Without Divine Providence to sustain it, America’s noble experiment risks collapse into the very tyranny its founders resisted. Should that occur, history will vindicate King George III and the philosophy of Antiquus Ordo Seclorum—the old order of strong man rule.
Conclusion
The heavy presence of uniformed forces may deliver the illusion of peace, but it simultaneously signals the failure of republican governance. If liberty can only be preserved at gunpoint, then liberty has already been lost.
The challenge before America is not how to tighten the grip of enforcement, but how to heal the underlying wounds of injustice, restore trust in self-government, and embody the ideals it professes. Without such renewal, the Republic will not endure.
References
- Declaration of Independence (1776), para. 2.

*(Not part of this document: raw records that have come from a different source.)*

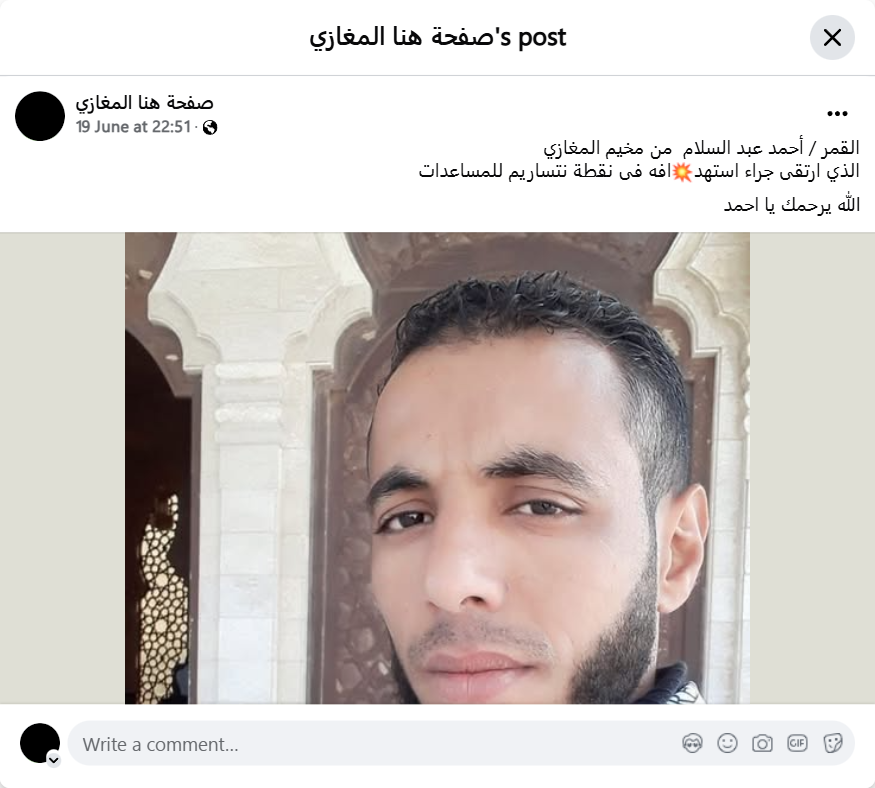 Al-Qamar / Ahmed Abdel Salam from Al-Maghazi camp, who was martyred as a result of being targeted at the Netzarim aid point. May God have mercy on you, Ahmed.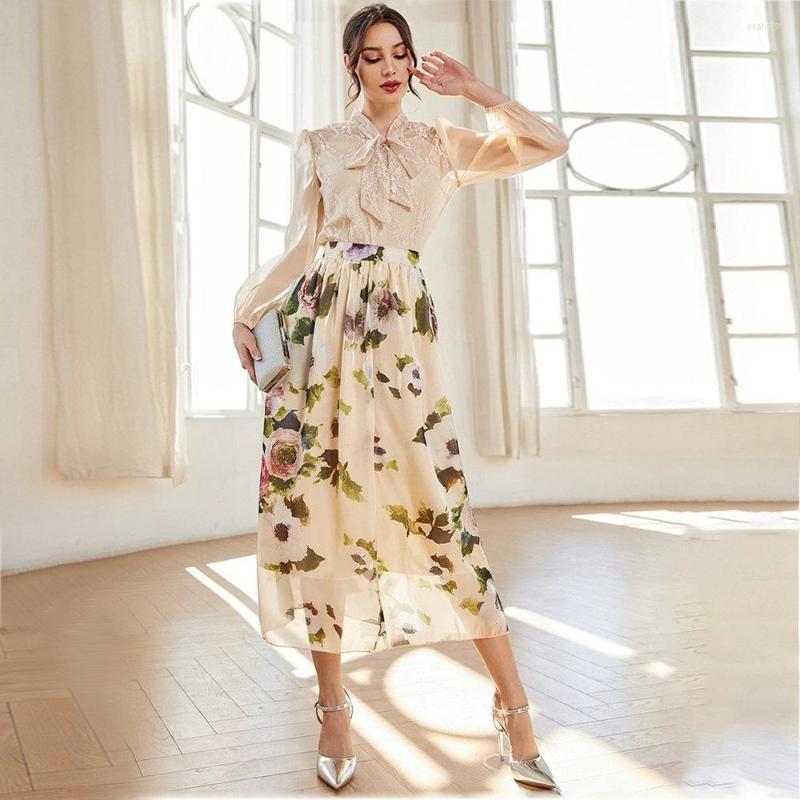 Introducing the >Casual Dresses Women Elegant Maxi 202 Spring Autumn Bow Long Sleeve Mesh Pattern Print Set Turkey Evening Party Robe Vestido< with the best price - only for $39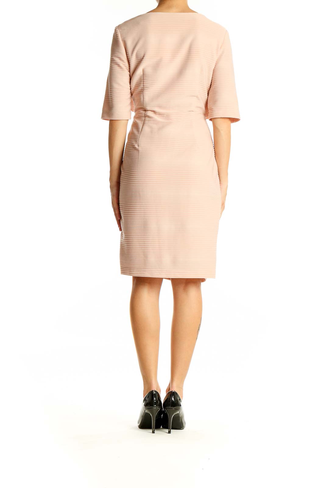 Back view of Connected Apparel blush ribbed bodycon midi dress showing fitted silhouette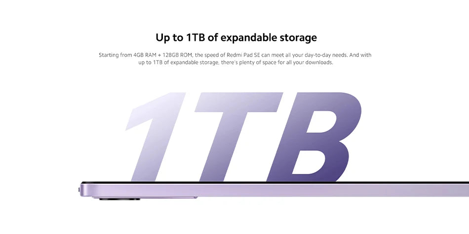 Starting from 4GB RAM + 128GB ROM, the speed of Redmi Pad SE can meet all your day-to-day needs. And with up to 1TB of expandable storage, there's plenty of space for all your downloads.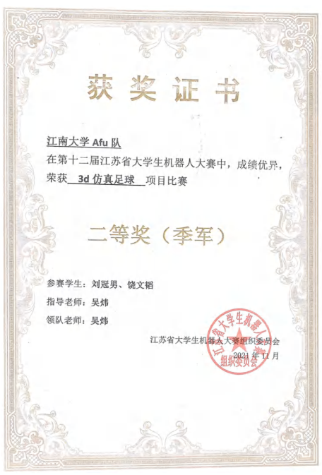 脚踏星辰,继续前行。深知纸上得来终觉浅的道理,专业知识在实践中才能发挥价值。在学长的推荐下,他加入了机器人俱乐部,并加入3D足球组,以代码脚本驱动机器人进行对抗式足球比赛。从小白开始,读懂代码,简单调节参数,修改合作策略,优化步态、踢球动作参数,重新设计动作等等。最后,他成为项目的负责人,在两年的项目学习中,实现了该项目的重要突破,获得RoboCup机器人大赛中国赛三等奖。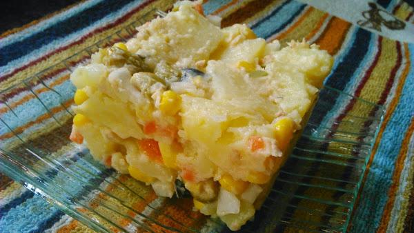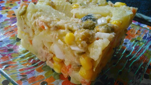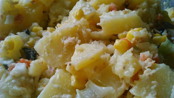 Escurrimos las patatas y le agregamos el resto de ingredientes: el queso crema, la cebolleta, el maíz enjuagado y escurrido, las aceitunas, el atún desmigado y con su aceite, el picadillo de variantes sin el líquido y mezclamos bien.

- Herodotus, Histories, Book II; also archaeological records of Pharaoh dynasties.
- Suetonius, The Twelve Caesars; Tacitus, Annals.
- The French Constitution of 1799; Napoleon’s coronation, 1804.
- Adolf Hitler, Mein Kampf (1925), and speeches 1933–1939.
- Robert Conquest, The Great Terror (1968); Soviet archival records.
- U.S. Constitution, Article IV, Section 4 (“The United States shall guarantee to every State in this Union a Republican Form of Government”).
- The Holy Bible, 1 Thessalonians 5:3, King James Version.
- Library of Congress, “Slavery in America: 1619–1865.”
- National Archives, “Jim Crow Laws and the Civil Rights Movement.”